* **PROVIDED DATA**
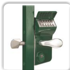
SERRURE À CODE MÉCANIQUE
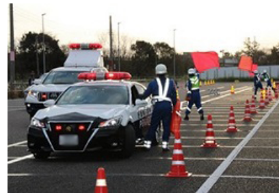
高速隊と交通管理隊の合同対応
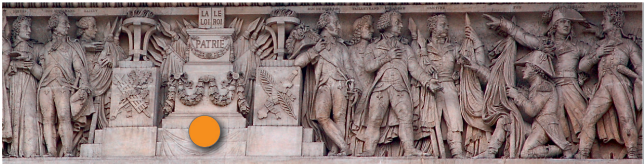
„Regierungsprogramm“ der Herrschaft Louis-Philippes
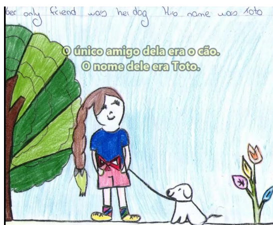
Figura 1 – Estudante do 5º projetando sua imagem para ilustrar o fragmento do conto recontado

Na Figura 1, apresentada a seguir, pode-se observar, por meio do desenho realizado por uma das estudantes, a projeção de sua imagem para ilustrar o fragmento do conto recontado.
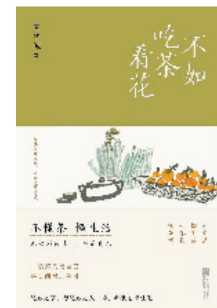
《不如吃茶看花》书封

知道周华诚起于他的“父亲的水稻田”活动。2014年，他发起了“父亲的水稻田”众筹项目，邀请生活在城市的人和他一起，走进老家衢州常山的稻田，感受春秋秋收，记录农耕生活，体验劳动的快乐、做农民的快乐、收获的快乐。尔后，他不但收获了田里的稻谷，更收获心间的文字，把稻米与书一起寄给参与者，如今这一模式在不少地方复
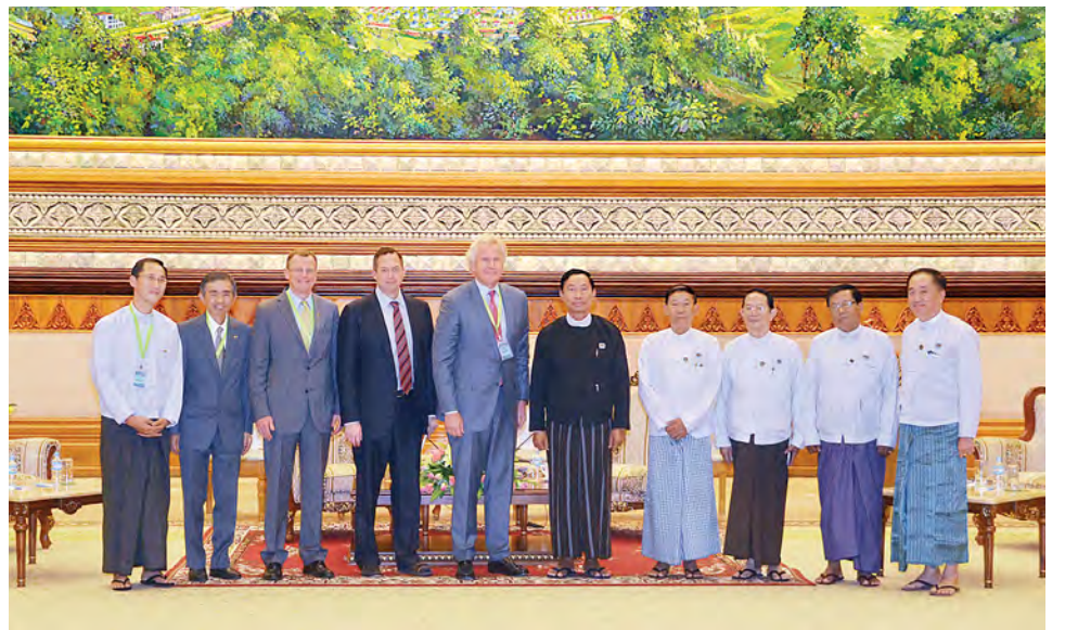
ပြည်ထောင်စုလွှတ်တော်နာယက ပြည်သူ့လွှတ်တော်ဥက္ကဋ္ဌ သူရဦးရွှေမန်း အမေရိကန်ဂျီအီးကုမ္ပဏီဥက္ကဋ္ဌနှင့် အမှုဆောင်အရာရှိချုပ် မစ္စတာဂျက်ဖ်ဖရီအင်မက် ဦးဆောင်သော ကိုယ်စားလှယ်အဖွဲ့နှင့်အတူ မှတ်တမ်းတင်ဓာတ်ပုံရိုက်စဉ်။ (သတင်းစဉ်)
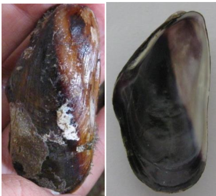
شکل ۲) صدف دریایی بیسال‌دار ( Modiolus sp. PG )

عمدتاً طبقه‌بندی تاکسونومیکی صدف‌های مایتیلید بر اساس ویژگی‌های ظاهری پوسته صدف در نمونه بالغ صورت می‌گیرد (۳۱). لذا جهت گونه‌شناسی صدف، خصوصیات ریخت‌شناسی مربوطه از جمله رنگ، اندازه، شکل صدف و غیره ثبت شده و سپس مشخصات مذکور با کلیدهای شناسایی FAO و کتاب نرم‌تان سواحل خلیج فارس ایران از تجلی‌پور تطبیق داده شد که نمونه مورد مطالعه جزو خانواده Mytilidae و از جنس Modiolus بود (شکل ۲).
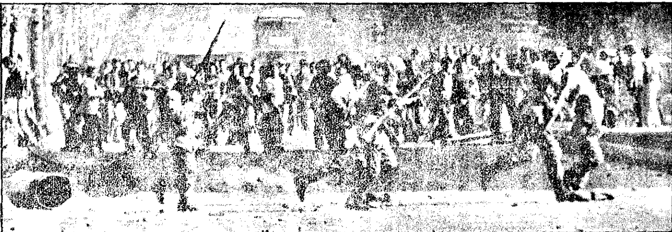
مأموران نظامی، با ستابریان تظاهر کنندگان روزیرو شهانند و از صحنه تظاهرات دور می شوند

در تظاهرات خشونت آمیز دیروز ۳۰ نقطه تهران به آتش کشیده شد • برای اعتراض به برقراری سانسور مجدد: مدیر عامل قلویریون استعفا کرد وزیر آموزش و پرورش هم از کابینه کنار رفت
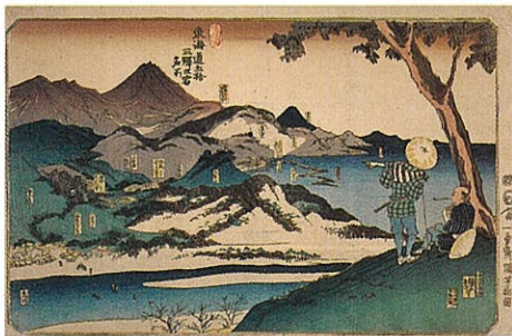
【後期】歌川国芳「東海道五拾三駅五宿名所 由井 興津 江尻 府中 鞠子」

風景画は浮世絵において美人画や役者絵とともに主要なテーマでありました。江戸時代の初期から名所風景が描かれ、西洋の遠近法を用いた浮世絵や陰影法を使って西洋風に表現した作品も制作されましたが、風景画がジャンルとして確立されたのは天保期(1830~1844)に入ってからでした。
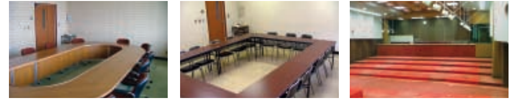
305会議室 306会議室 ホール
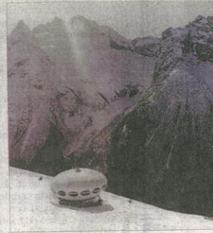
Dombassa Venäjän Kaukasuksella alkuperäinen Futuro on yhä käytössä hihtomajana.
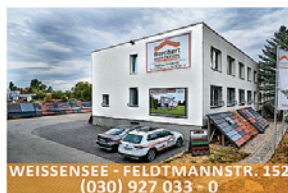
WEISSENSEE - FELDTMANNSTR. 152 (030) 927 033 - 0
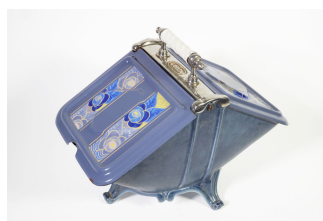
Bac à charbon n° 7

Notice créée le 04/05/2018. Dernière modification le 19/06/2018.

* **WORK INSTRUCTION**
Leaving the pictures out, write out every entry exactly.

* **OUTPUT OF THE EXERCISE**
SERRURE À CODE MÉCANIQUE
高速隊と交通管理隊の合同対応
„Regierungsprogramm“ der Herrschaft Louis-Philippes
Figura 1 – Estudante do 5º projetando sua imagem para ilustrar o fragmento do conto recontado

Na Figura 1, apresentada a seguir, pode-se observar, por meio do desenho realizado por uma das estudantes, a projeção de sua imagem para ilustrar o fragmento do conto recontado.
《不如吃茶看花》书封

知道周华诚起于他的“父亲的水稻田”活动。2014年，他发起了“父亲的水稻田”众筹项目，邀请生活在城市的人和他一起，走进老家衢州常山的稻田，感受春秋秋收，记录农耕生活，体验劳动的快乐、做农民的快乐、收获的快乐。尔后，他不但收获了田里的稻谷，更收获心间的文字，把稻米与书一起寄给参与者，如今这一模式在不少地方复
ပြည်ထောင်စုလွှတ်တော်နာယက ပြည်သူ့လွှတ်တော်ဥက္ကဋ္ဌ သူရဦးရွှေမန်း အမေရိကန်ဂျီအီးကုမ္ပဏီဥက္ကဋ္ဌနှင့် အမှုဆောင်အရာရှိချုပ် မစ္စတာဂျက်ဖ်ဖရီအင်မက် ဦးဆောင်သော ကိုယ်စားလှယ်အဖွဲ့နှင့်အတူ မှတ်တမ်းတင်ဓာတ်ပုံရိုက်စဉ်။ (သတင်းစဉ်)
شکل ۲) صدف دریایی بیسال‌دار ( Modiolus sp. PG )

عمدتاً طبقه‌بندی تاکسونومیکی صدف‌های مایتیلید بر اساس ویژگی‌های ظاهری پوسته صدف در نمونه بالغ صورت می‌گیرد (۳۱). لذا جهت گونه‌شناسی صدف، خصوصیات ریخت‌شناسی مربوطه از جمله رنگ، اندازه، شکل صدف و غیره ثبت شده و سپس مشخصات مذکور با کلیدهای شناسایی FAO و کتاب نرم‌تان سواحل خلیج فارس ایران از تجلی‌پور تطبیق داده شد که نمونه مورد مطالعه جزو خانواده Mytilidae و از جنس Modiolus بود (شکل ۲).
مأموران نظامی، با ستابریان تظاهر کنندگان روزیرو شهانند و از صحنه تظاهرات دور می شوند

در تظاهرات خشونت آمیز دیروز ۳۰ نقطه تهران به آتش کشیده شد • برای اعتراض به برقراری سانسور مجدد: مدیر عامل قلویریون استعفا کرد وزیر آموزش و پرورش هم از کابینه کنار رفت
【後期】歌川国芳「東海道五拾三駅五宿名所 由井 興津 江尻 府中 鞠子」

風景画は浮世絵において美人画や役者絵とともに主要なテーマでありました。江戸時代の初期から名所風景が描かれ、西洋の遠近法を用いた浮世絵や陰影法を使って西洋風に表現した作品も制作されましたが、風景画がジャンルとして確立されたのは天保期(1830~1844)に入ってからでした。
305会議室 306会議室 ホール
Dombassa Venäjän Kaukasuksella alkuperäinen Futuro on yhä käytössä hihtomajana.
WEISSENSEE - FELDTMANNSTR. 152 (030) 927 033 - 0
Bac à charbon n° 7

Notice créée le 04/05/2018. Dernière modification le 19/06/2018.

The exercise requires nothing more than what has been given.